Schrodinger’s victory
Or, taking what you don’t know into the realm of quantum physics
Background: I play an online trivia game called Learned League. If you like trivia, check it out, it's really fun. Each day is a head-to-head, and you play both offense (answering the questions) and defense (assigning points to your opponent's answers based on your guess about whether they'll get them right or not).
This morning, when I told my son I'd submitted but didn't know whether I'd won yet, he remarked that it was Schrödinger's victory. In other words, at that moment I had both won and lost. When the yes-or-no answer remains to be revealed, according to Schrödinger’s famous thought experiment, it's both.

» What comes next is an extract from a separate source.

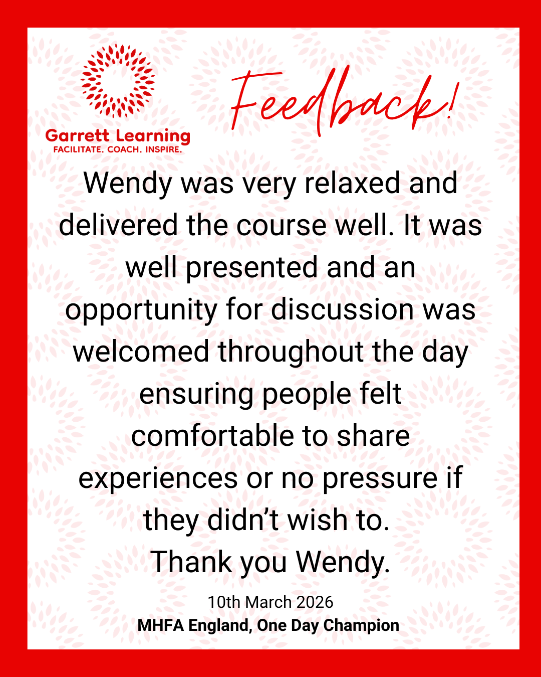 Garrett Learning can support you and your organisation. Please reach out to discuss holistic wellbeing services, people management training and Mental Health First Aid training. We also provide community and support by joining us monthly for the Workplace Wellbeing Champion session or offering bespoke training. Please book in a call to discuss your thoughts and ideas: https://scheduler.zoom.us/garrettlearning/1-1-cuppa-and-chat. Alternatively, you can email us at wendy@garrettlearning.co.uk
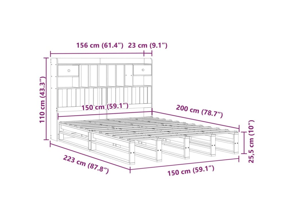 - Vhodné rozměry matrace: 150 x 200 cm (Š x D) (matrace není součástí balení)

The scenario goes like this: a cat is in a box, along with a flask of poison and a Geiger counter. If there's even a smidgen of radiation, the flask shatters and the cat dies. You won't know until you open the box whether the cat is alive or dead, so as far as you're concerned, the cat is both alive and dead until then.
I have a problem getting my head around this idea, so I googled it and discovered that Schrödinger didn't actually buy into it either. He proposed the scenario to Einstein as a way of arguing against the quantum theory of superposition (an atom can be in two places at the same time—I think that's right). The quantum physics loses me, but as a side note, I will say that Schrödinger clearly had a tender spot when it came to cats. (If you read last week’s post, you’ll know what I mean.) There’s got to be some life history behind a scenario like that!
What I love about this story, aside from how revealing it is about Schrödinger as a character, is how revealing it is about human nature. This snippet of conversation between two brilliant physicists has parked itself in our collective awareness, even if most of us don't really get what Schrödinger was talking about. As humans, we like to know, because not knowing makes us feel unsure and therefore unsafe. Yet we live our lives in a constant state of not knowing far more than we know. So, how incredibly seductive is the idea that when we don't know whether something is "this" or "that," we could say we know that it's both at the same time!
I'm not really sure where this is taking me, except to the obvious conclusion that saying we know when we don't know is a) potentially ridiculous, which I think Schrödinger would have agreed with; and b) beside the point. Since co-writing Write What You Don't Know, I've become a bit of a connoisseur of not knowing. A long time ago I did the Landmark Forum course, and one of the most useful things I learned was that not-knowing is more powerful than knowing. When you're in a mindset of knowing, you're limited to what you know. When you're in a mindset of not-knowing, the possibilities are infinite.